Kia Pakistan: Lucky Motors' Comeback Story

TL;DR
Kia's return to Pakistan via Lucky Motors in 2018 was the smoothest Korean re-entry the country had seen. The fourth-generation Sportage became a hit. Picanto, Stonic, Carnival, and Sorento followed. Then 2022–23 happened — currency collapse, LC restrictions, the economy froze, and Kia's growth stalled along with everyone else's.
In late 2024, Kia made a defining bet: instead of doubling down on petrol SUVs, Lucky Motors launched the Kia EV5 (October 2024, from PKR 18.5M to PKR 23.5M). Three months later, it brought in the flagship EV9-GT Line at PKR 43.2 million. Pakistan's first Korean EV lineup was live before BYD's local assembly plant had even broken ground.
This piece covers the full Kia Pakistan lineup in 2026, whether the EV strategy is actually working, where the Sportage HEV sits versus the Haval H6 HEV, and what Lucky Motors needs to do next as Chinese brands close in from below and BYD prepares to attack from above.
Most Korean automotive comebacks in Pakistan have been failures. Kia tried once before — through Dewan Mushtaq Group in the early 2000s — and the partnership collapsed by 2019. Hyundai's various Pakistani partners have come and gone. The Korean record here, until recently, was poor.

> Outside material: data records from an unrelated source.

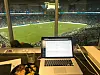 Glassbur. Verste måten å se fotball på. Slik var det både i Miami og Ann Arbor. Isoleres helt fra kampopplevelsen.
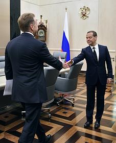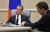 Председатель правительства России Дмитрий Медведев (слева) на совещении со своими заместителями в Доме правительства России.
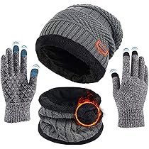 Gants : Gants chauds tricotés à cinq doigts avec doublure en polaire, offrant chaleur sans compromettre la souplesse des doigts, adaptés à un usage quotidien ou aux activités de plein air. Écharpe : L'écharpe d'hiver est dotée d'une conception double couche avec un tissu tricoté et une doublure intérieure en polaire, épousant la ligne du cou pour empêcher l'air froid de pénétrer et offrir une chaleur optimale au niveau du cou Design élégant : L'ensemble chapeau, écharpe et gants présente des motifs géométriques élégants, offrant un look simple mais sophistiqué qui s'accorde parfaitement avec diverses tenues d'automne et d'hiver, mettant en valeur votre personnalité et votre style Gant Bonnet Femme Tofern Ensemble De 3 Bonnets D'hiver En Tricot Pour Homme Et Femme Avec Longue U00e9charpe Et Gants Pour U00e9cran Tactile, Bleu Marine, Taille Unique Echarpe Et Bonnet Femme Plusieurs scénarios : Que ce soit pour les trajets quotidiens, les sports de plein air ou les loisirs et divertissements, cet ensemble trois pièces pour l'hiver offre une chaleur et une protection complètes, ce qui en fait le choix idéal pour l'automne et l'hiver Tissus conservant la chaleur : L'ensemble chapeau, écharpe et gants pour adulte est fabriqué à partir d'un tissu acrylique tricoté, offrant un toucher doux et confortable, d'excellentes propriétés respectueuses de la peau et une doublure en polaire pour protéger efficacement du froid Packs Bonnet, écharpe Et Gants Fille Ensemble Bonnet Et Gants Et U00e9charpe Pour Enfants, Chapeaux Avec Pompon, Cache-cou En Tricot, Chapeaux De Baseball Pour Adolescentes, Enfants, Tout-petits, Filles, Hiver Bonnet Homme Hiver Tricot classique et élégant : Bonnet et gants tendance tricotés avec précision, fabriqués à partir de fils mélangés, pour un look élégant et tendance, assorti à vos tenues d'hiver, qu'elles soient habillées, pulls, hauts ou autres tenues d'hiver formelles ou décontractées
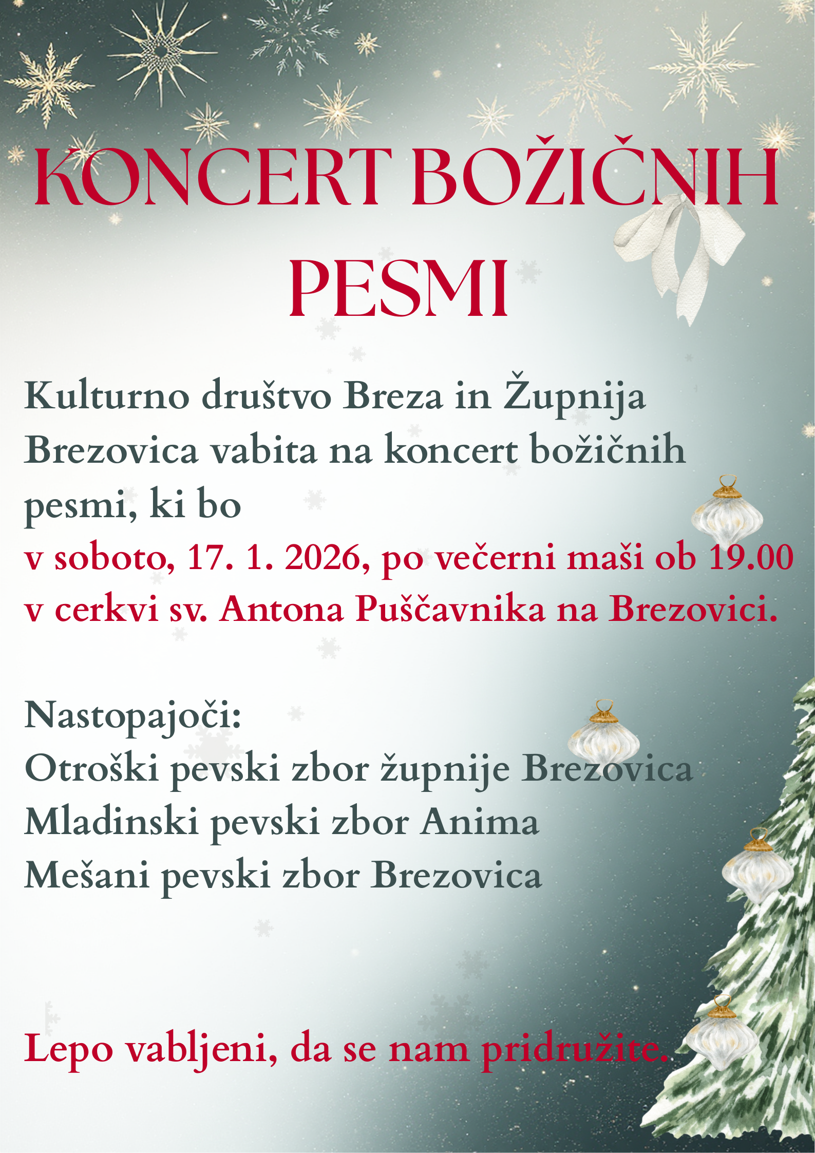 Kulturno društvo Breza in Župnija Brezovica vabita na koncert božičnih pesmi, ki bo v soboto, 17. 1. 2026, po večerni maši ob 19. uri v cerkvi sv. Antona Puščavnika na Brezovici pri Ljubljani.
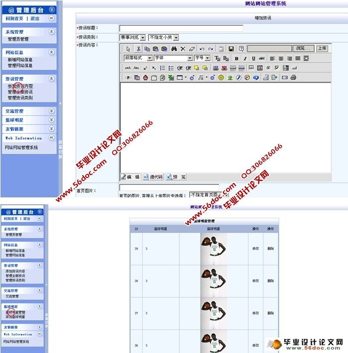 篮球俱乐部新闻网站系统的设计与实现(ASP,Access)(含录像)
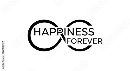 Happiness forever text with infinity symbol, everlasting joy and endless bliss.
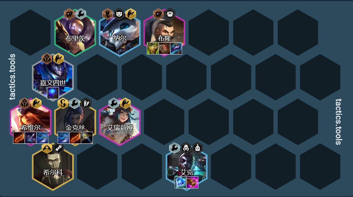 角色组成:希维尔、嘉文四世、布里茨、纳尔、艾克、布隆、艾瑞莉娅、金克丝、希尔科(9人口)
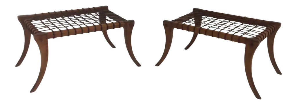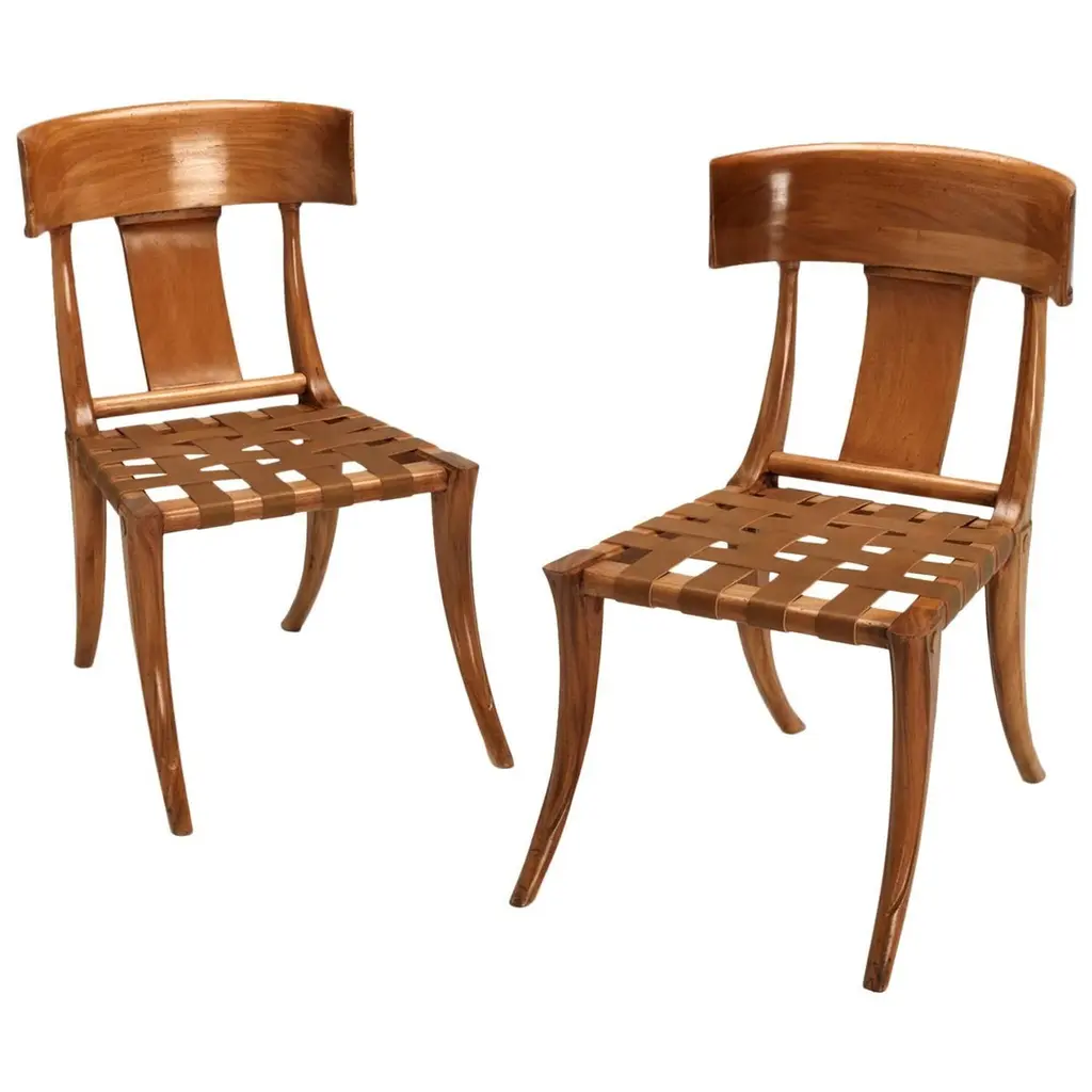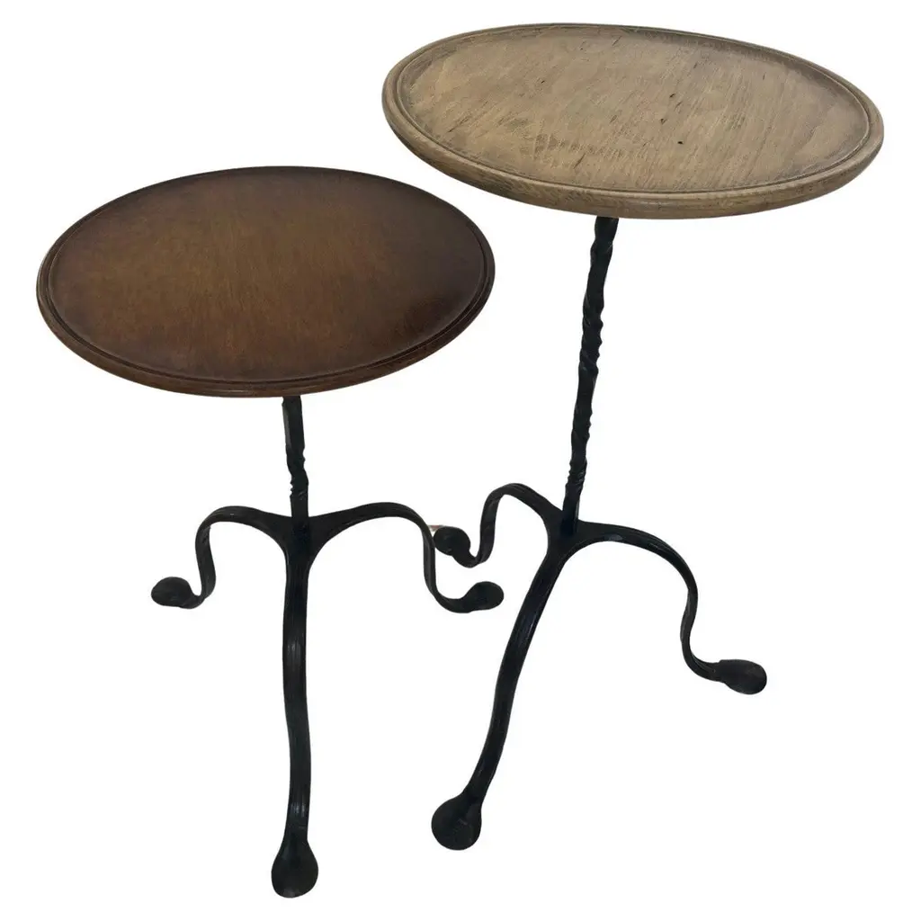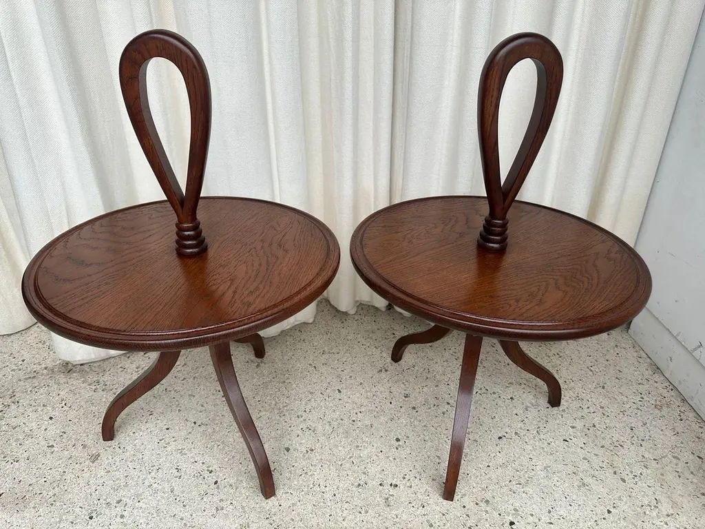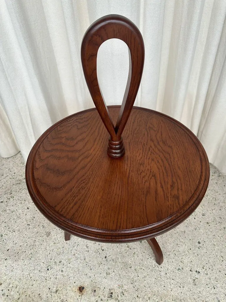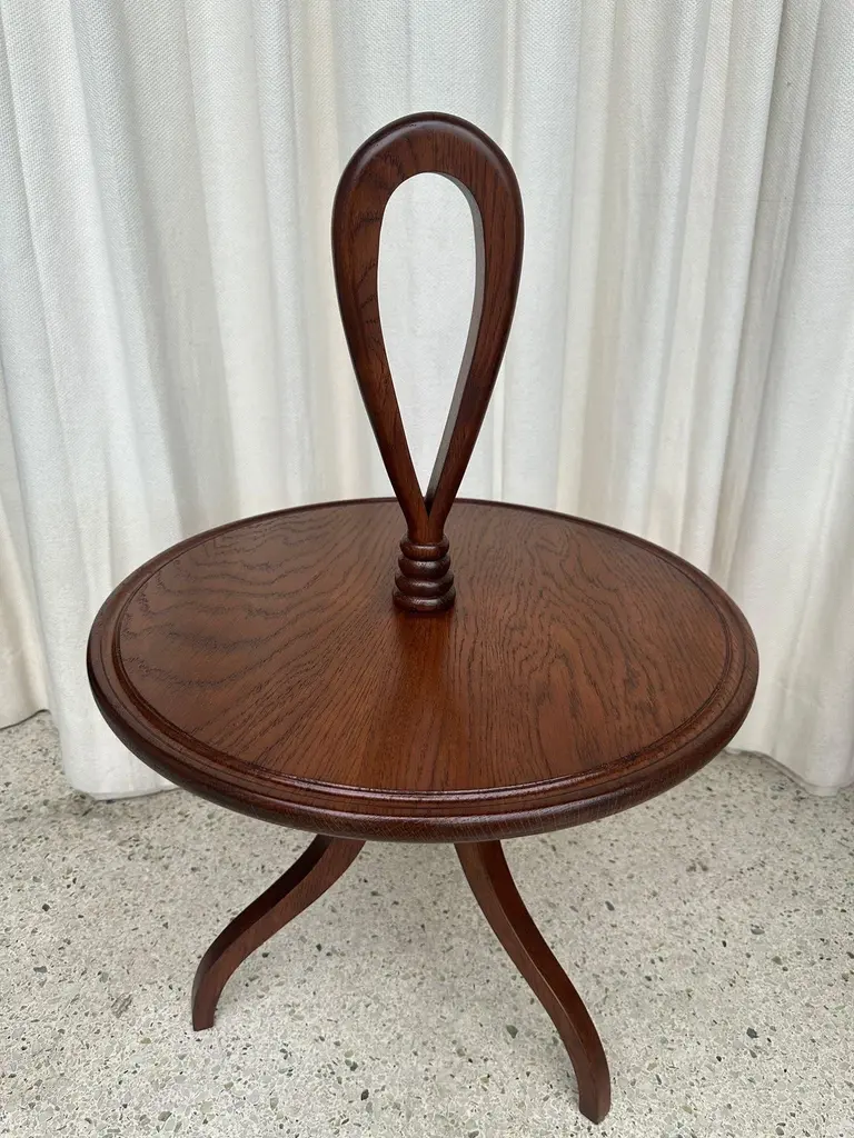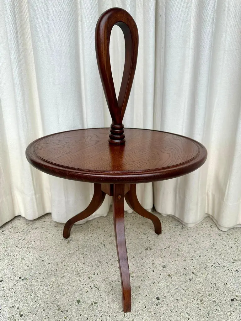 Italian Carved Wood Side Table (Two Available) W/ Ribbon Handle Top

The 2018 Kia comeback was different. The partner was Lucky Motor Corporation, a subsidiary of Yunus Brothers Group, one of Pakistan's largest industrial conglomerates and the parent of Lucky Cement. The capital was real. The greenfield-status approval under the Auto Development Policy 2016–21 was genuine. The factory in Port Qasim was operational. And the first major launch — the fourth-generation Sportage in 2019 — sold faster than anyone expected.

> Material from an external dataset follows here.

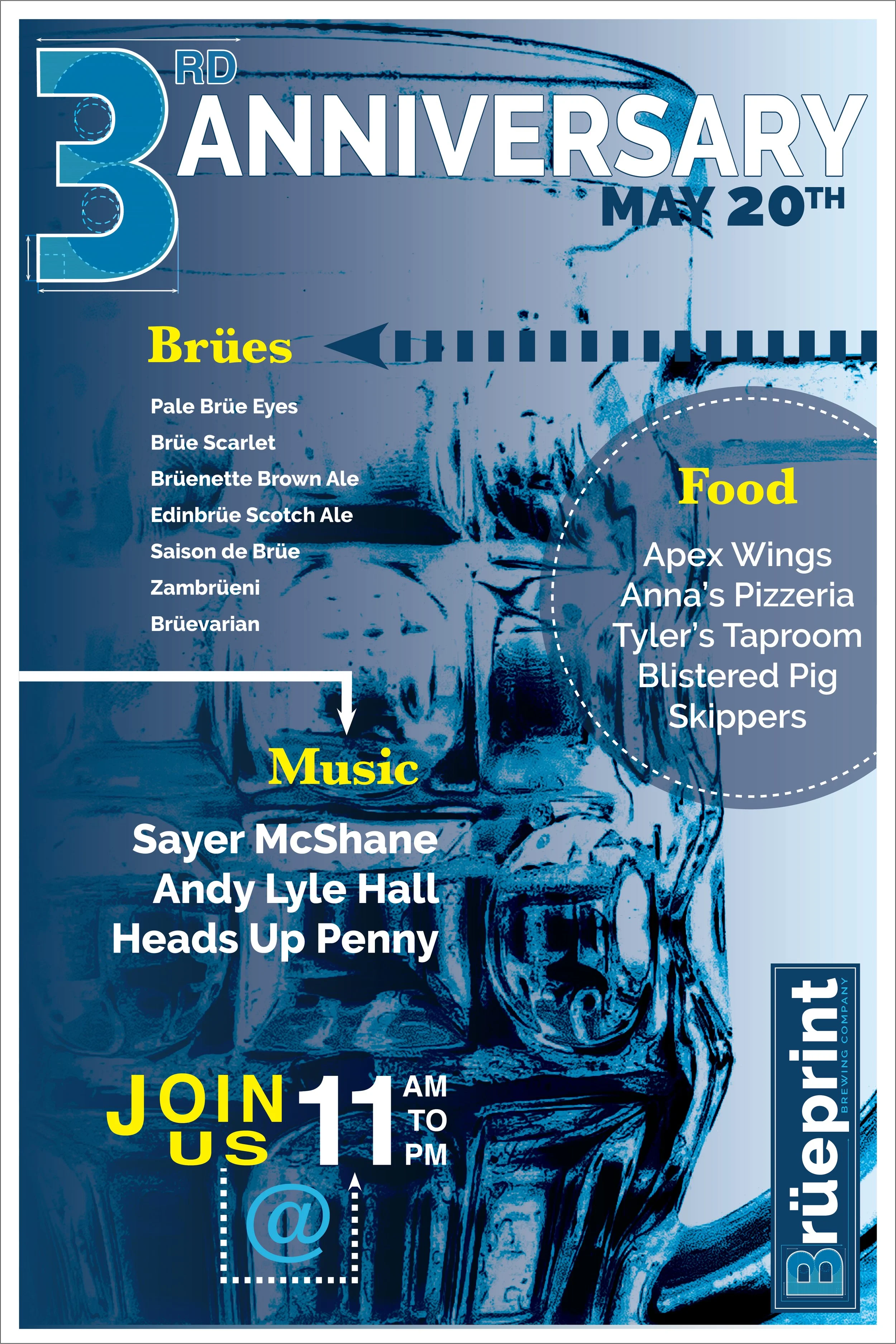 Promotional material was created for Brüeprint Brewery’s third-anniversary gathering while freelancing. A flyer that gets the point across by highlighting everything the event will showcase.

For a brief window, Kia Pakistan looked like the model for how Chinese and Korean entrants would crack the Suzuki-Toyota-Honda lock on the market. Then the macro economy caught up with everyone, and the question became: can Lucky Motors hold position long enough to ride the next wave?
The early 2026 answer: yes, but the strategy has fundamentally changed. Lucky Motors is no longer just a Korean petrol-SUV company. It is positioning itself as Pakistan's premium-EV alternative to BYD, with the most ambitious electric lineup any non-Chinese brand has brought to Pakistan.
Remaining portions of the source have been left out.